Texte intégral
Q/ De nouveau donc depuis hier, je crois 20 h 28, vous êtes ministre des Affaires européennes, comment on apprend ça, dans votre cas précis, qu'on est nommée et à ce poste ?
R/ En regardant la télévision.
Q/ Vraiment ?
R/ Oui.
Q/ On peut même écouter la radio enfin…
R/ Oui.
Q/ Enfin, pas reçu de coup de fil avant ?
R/ Non, pas tellement non. J'avais un peu une orientation et je l'ai su avec précision du reste comme la plupart, car il y a eu des modifications jusqu'au dernier moment. Je ne l'ai su en effet que par les médias.
Q/ Est-ce que ce fut un ministère difficile à former ?
R/ C'est un ministère qu'il faut, enfin, sur une base qui existe déjà qu'il faut.
Q/ Non, je parle du cabinet. Est-ce qu'il a été difficile à former ?
R/ Oui, il a été difficile à former. Ça, c'est incontestable puisque, comme vous le savez, nous souhaitions une large ouverture et que beaucoup de démarches ont été faites, ce qui explique le temps, les allées et venues, que tout cela a pris.
Q/ Alors, justement en parlant d'ouverture, car, si on lit la presse ce matin, les gros titres, plus un sentiment général qui prévaut, il faut bien la chercher l'ouverture. Il faut vraiment une grosse loupe. Dieu sait qu'on nous en a parlé avant…

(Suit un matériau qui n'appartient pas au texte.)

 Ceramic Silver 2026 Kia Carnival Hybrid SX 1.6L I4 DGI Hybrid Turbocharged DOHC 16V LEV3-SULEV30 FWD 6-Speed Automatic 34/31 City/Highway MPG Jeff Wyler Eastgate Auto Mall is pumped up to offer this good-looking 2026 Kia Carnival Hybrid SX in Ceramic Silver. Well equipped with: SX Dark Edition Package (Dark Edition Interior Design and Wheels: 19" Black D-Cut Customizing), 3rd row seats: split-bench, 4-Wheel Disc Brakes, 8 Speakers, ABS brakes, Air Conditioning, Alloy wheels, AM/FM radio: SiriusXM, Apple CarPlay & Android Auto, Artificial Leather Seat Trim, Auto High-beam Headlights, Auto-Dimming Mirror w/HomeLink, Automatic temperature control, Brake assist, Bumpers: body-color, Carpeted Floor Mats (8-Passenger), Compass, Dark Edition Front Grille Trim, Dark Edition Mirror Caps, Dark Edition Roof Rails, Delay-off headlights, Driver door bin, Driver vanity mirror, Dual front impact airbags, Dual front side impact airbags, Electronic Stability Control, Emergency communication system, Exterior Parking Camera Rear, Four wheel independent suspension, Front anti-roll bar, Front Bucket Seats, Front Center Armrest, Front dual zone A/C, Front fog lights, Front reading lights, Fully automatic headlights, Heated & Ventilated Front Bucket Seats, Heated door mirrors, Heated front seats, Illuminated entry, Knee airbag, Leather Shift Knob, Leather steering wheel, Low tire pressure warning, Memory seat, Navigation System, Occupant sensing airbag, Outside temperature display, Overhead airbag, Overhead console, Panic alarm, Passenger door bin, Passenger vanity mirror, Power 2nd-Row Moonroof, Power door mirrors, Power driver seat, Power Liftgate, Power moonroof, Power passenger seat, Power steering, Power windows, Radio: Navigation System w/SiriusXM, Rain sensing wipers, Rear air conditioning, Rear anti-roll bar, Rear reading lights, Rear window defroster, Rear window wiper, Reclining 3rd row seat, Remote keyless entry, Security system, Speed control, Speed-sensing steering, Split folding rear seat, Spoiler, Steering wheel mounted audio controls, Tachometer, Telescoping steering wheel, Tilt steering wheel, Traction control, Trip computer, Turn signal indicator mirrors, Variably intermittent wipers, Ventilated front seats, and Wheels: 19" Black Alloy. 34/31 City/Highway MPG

R/ On en a parlé car on en avait l'intention mais, pour se marier, il faut être deux, et…
Q/ Des témoins aussi.
R/ Et, quand vous avez affaire à des gens qui ne veulent pas, on est obligé d'en tirer les conclusions. C'est très dommage car 54 % des Français ont voté visiblement. Ce ne sont pas que des socialistes, et donc ce serait souhaitable d'avoir un gouvernement qui représente cette large majorité. Et, ce qui est malheureux, beaucoup de déclarations ont été faites même le soir de l'élection de François Mitterrand, des déclarations pleines de bonne volonté, de bonnes intentions, mais on dirait que le passage à l'acte a quelque chose de douloureux.

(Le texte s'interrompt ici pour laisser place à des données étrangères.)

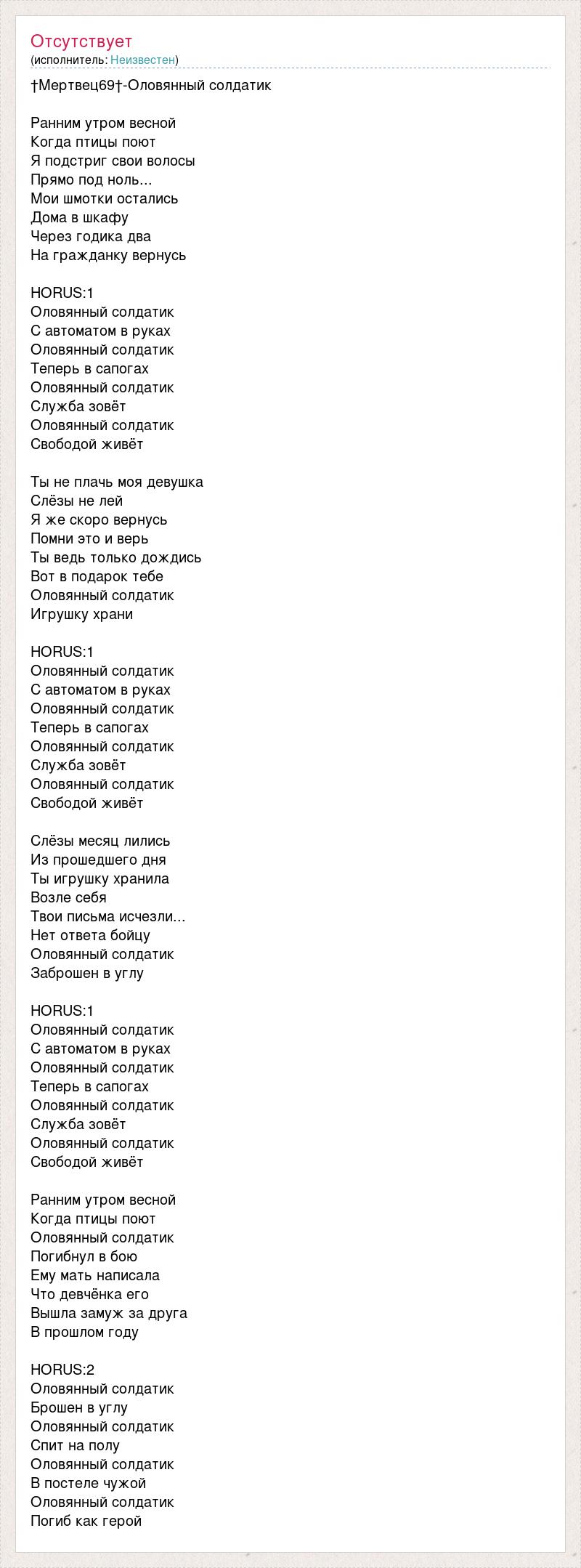 †Мертвец69†-Оловянный солдатик Ранним утром весной Когда птицы поют Я подстриг свои волосы Прямо под ноль... Мои шмотки остались Дома в шкафу Через годика два На гражданку вернусь HORUS:1 Оловянный солдатик С автоматом в руках Оловянный солдатик Теперь в сапогах Оловянный солдатик Служба зовёт Оловянный солдатик Свободой живёт Ты не плачь моя девушка Слёзы не лей Я же скоро вернусь Помни это и верь Ты ведь только дождись Вот в подарок тебе Оловянный солдатик Игрушку храни HORUS:1 Оловянный солдатик С автоматом в руках Оловянный солдатик Теперь в сапогах Оловянный солдатик Служба зовёт Оловянный солдатик Свободой живёт Слёзы месяц лились Из прошедшего дня Ты игрушку хранила Возле себя Твои письма исчезли... Нет ответа бойцу Оловянный солдатик Заброшен в углу HORUS:1 Оловянный солдатик С автоматом в руках Оловянный солдатик Теперь в сапогах Оловянный солдатик Служба зовёт Оловянный солдатик Свободой живёт Ранним утром весной Когда птицы поют Оловянный солдатик Погибнул в бою Ему мать написала Что девчёнка его Вышла замуж за друга В прошлом году HORUS:2 Оловянный солдатик Брошен в углу Оловянный солдатик Спит на полу Оловянный солдатик В постеле чужой Оловянный солдатик Погиб как герой
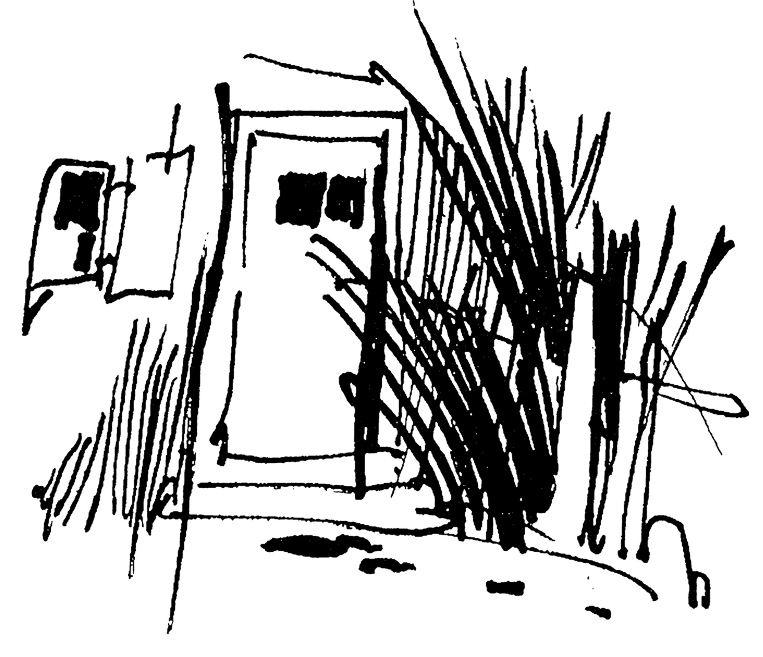 Illustration von Erich Hölle, erstmals veröffentlicht in Margret Hölles Lyrikband "Blöiht a Dornbusch" 1997, nun in der Neuausgabe ihrer Gedichte "Mei Sprouch" (2025).
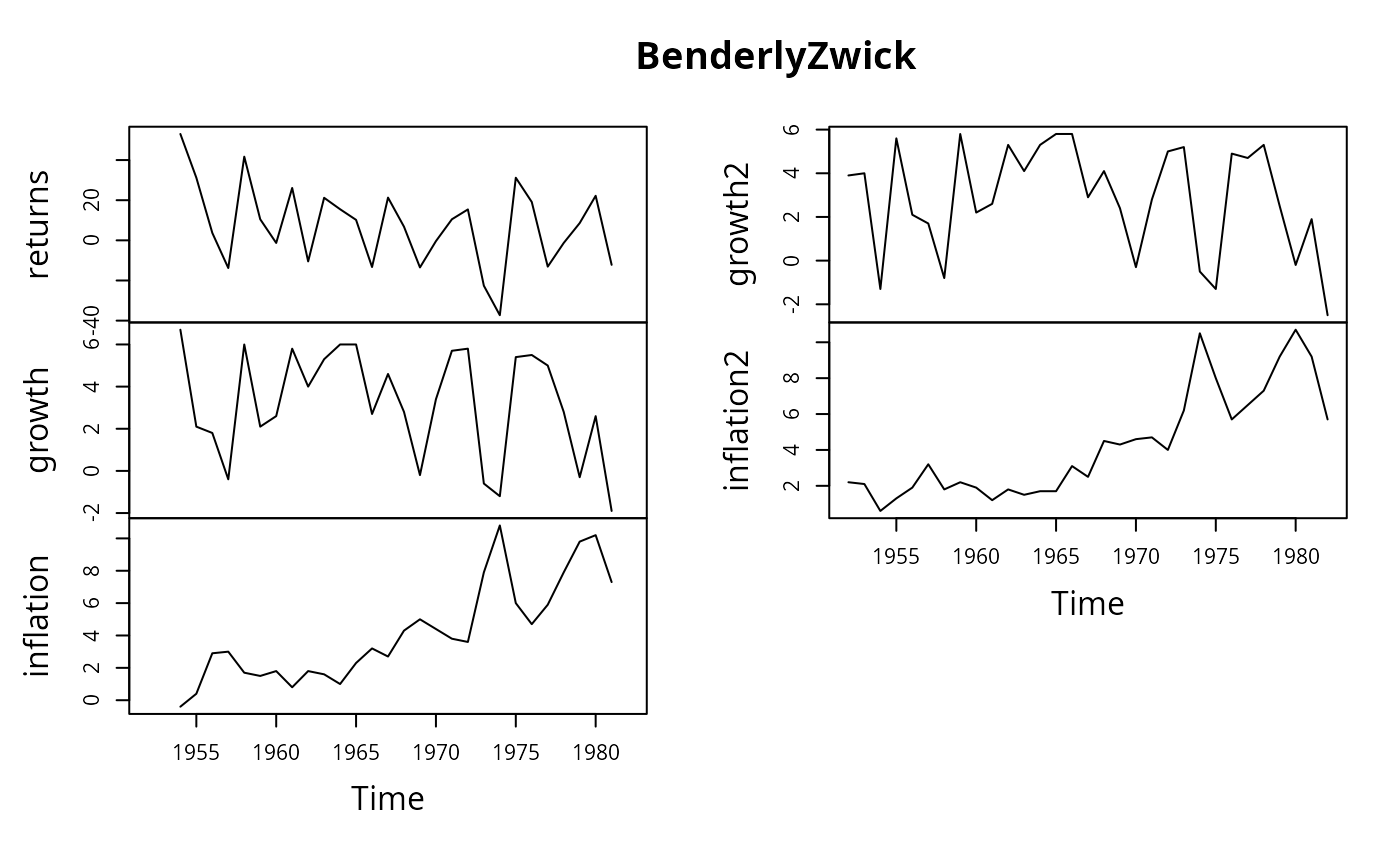 #> dynlm(formula = returns ~ growth + inflation, data = BenderlyZwick,

Q/ Là, vous placez les centristes devant leurs responsabilités. Vous leur dites : « on vous a proposé quelque chose. Vous avez fait la sourde oreille ou tirer l'oreille ».
R/ Oui, c'est curieux comme attitude. C'est une attitude un peu frileuse que je regrette personnellement, car ça aurait été beaucoup mieux d'avoir un gouvernement plus représentatif, encore une fois, de l'opinion.
Q/ Et vous pensez que, pour les centristes, c'est une chance historique qu'ils sont peut-être en train de laisser passer ?
R/ Je crois que c'est surtout, pour les Français, un peu dommage ; ils votent largement, c'est-à-dire y compris des centristes, et puis voilà, les politiques ne donnent pas suite à ce qui a été exprimé par la volonté populaire.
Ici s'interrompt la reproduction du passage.